How fast is 5G home internet with Verizon?

Verizon’s 5G Home Internet can reach speeds of up to 1,000Mbps—if you’re in the right area. You’re more likely to see speeds a bit slower than that, but even at the lower end, it performs well above its price point.

Can Verizon 5G replace cable internet?

Yes, in many areas, Verizon 5G Home Internet can definitely replace your cable service. The speeds are generally on par with most cable services, and with unlimited data, there’s not much holding you back here. The main catch is whether or not you can get those speeds—the absolute fastest 5G speeds still tend to be clustered around larger cities.

Is Verizon 5G home internet faster than Fios?

No, 5G home internet isn’t quite as fast as Fios or other fiber services.

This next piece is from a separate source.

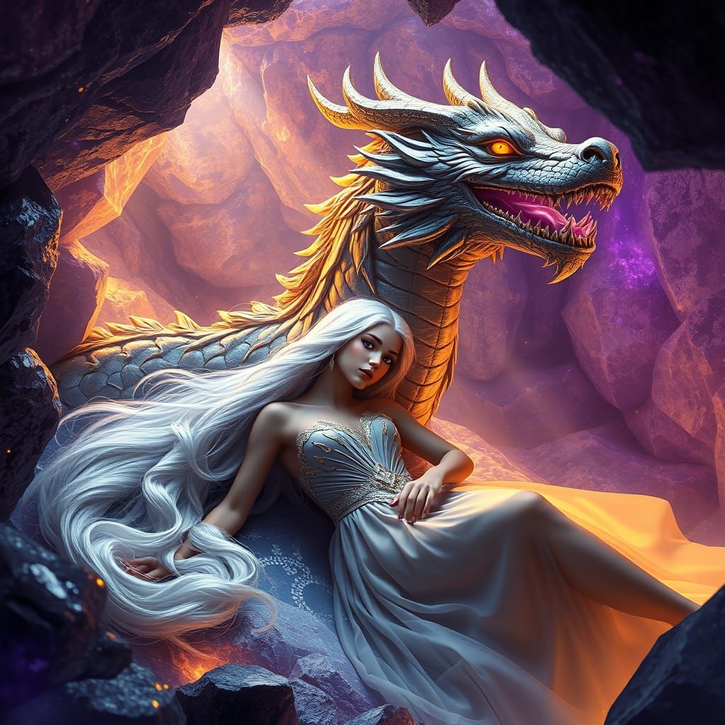 A captivating image of a woman with long silver hair in a crystal cave, reclining against a large silver dragon. The scene is illuminated with dynamic and volumetric lighting in dark fantasy art style.

The download speeds can be comparable, at roughly 1,000 Mbps. However, Fios offers symmetrical speeds—uploads as fast as downloads. This helps a lot with performance when video calling or sharing large files, and 5G doesn’t have the bandwidth for it.

Does Verizon 5G Home Internet work for streaming?

Yes, Verizon 5G Home Internet works great for streaming. There’s plenty of speed here for even several simultaneous HD or 4K streams without buffering. Netflix, for example, suggests at least 5Mbps for HD and 15Mbps for 4K—well under the minimum you’re likely to get with Verizon.